When you call 911 in New York City, you first talk to a call-receiving operator called a CRO. (There are a lot of annoying acronyms in emergency medicine.) The CRO is trained to ask a series of questions to determine whether the emergency requires medical attention. If it does, an emergency medical services (EMS) dispatcher—who is trained as an emergency medical technician (EMT)—gets conferenced into the call. The EMS dispatcher determines what level of response is required: the most serious calls—“segment 1s”—are choking, cardiac or respiratory arrest, and drowning. Segment 1s always get two paramedics, two EMTs, and a team of certified first responders (CFRs), plus the cops often show up.
The New York EMS is run by the Fire Department (FDNY). The FDNY is responsible for first-response care for more than seven million people over three hundred square miles of the New York metropolitan area. It responds to more than a million medical emergencies every year. At any given time, 250 ambulances are on the street. That number can seem even higher if your apartment has street-facing windows.
Will Tung is an FDNY paramedic in Brooklyn. He’s in his late twenties and is also the president of the Park Slope Volunteer Ambulance Corps (PSVAC), which is located in the basement of a narrow brick building on a tree-lined street on the fringe of downtown Brooklyn and the neighborhood of Park Slope.
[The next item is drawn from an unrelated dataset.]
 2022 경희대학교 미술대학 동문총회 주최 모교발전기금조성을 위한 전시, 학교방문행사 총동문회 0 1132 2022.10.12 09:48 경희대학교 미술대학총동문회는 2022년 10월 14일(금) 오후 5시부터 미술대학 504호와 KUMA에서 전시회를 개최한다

The PSVAC responded to more than five hundred emergencies last year—from direct phone calls or through calls from the FDNY in times of high call volume. With thirty-six active members, the corps is made up entirely of volunteers. It was started back in the early 1990s, when people were concerned about the lagging response times for EMS in the neighborhood. Someone is standing by on most nights. During the day, you get a voice message instructing you to call 911 if you’re looking for help.
In 2009, the average response time for FDNY EMS calls was eight minutes, twenty-seven seconds. In addition to choking and cardiac and respiratory arrests, the most serious calls included snakebites, asthma attacks, gunshots, stabbings, major burns, electrocution, and other traumas. The average response time for these calls was six minutes, forty-one seconds.
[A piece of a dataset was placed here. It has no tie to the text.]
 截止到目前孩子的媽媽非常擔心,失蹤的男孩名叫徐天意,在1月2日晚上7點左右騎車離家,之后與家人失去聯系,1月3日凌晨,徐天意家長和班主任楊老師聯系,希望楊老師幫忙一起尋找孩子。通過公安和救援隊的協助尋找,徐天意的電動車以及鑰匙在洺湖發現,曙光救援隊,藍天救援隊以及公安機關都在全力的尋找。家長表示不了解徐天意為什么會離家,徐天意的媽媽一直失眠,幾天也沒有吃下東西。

If you’ve ever driven in New York City, you know that getting anywhere in six minutes is a remarkable feat. It can take that long to get out of your parking spot, let alone across town. EMS vehicles, of course, are equipped with tools to help them part the automotive seas—namely, lights and sirens.
The original siren was part lady, part monster, and had a knack for luring men by means of irresistible song. The word has taken on new meaning since then—nowadays, most people would not say they’re irresistibly drawn to sirens.
Sirens are designed to be annoying. If they didn’t get your attention or you could tune them out, they would not be effective. If you find sirens irritating, just imagine what it’s like for people inside the siren-equipped vehicle. “Sirens are really annoying,” says Tung. “When you’re a pedestrian, it passes.” For everybody in the ambulance, it doesn’t go away. Tung generally keeps the windows rolled up to cut down on noise. When the windows are open and the siren is blasting, it’s hard to hear anything else.
Sirens are related to another particularly modern kind of annoyance: the intrusive electronic beeps and blips from appliances, computers, phones, and other devices on which we depend. As annoying (and useful) as many of those can be, no one is ever glad to hear an electronic beep that they can’t quite place.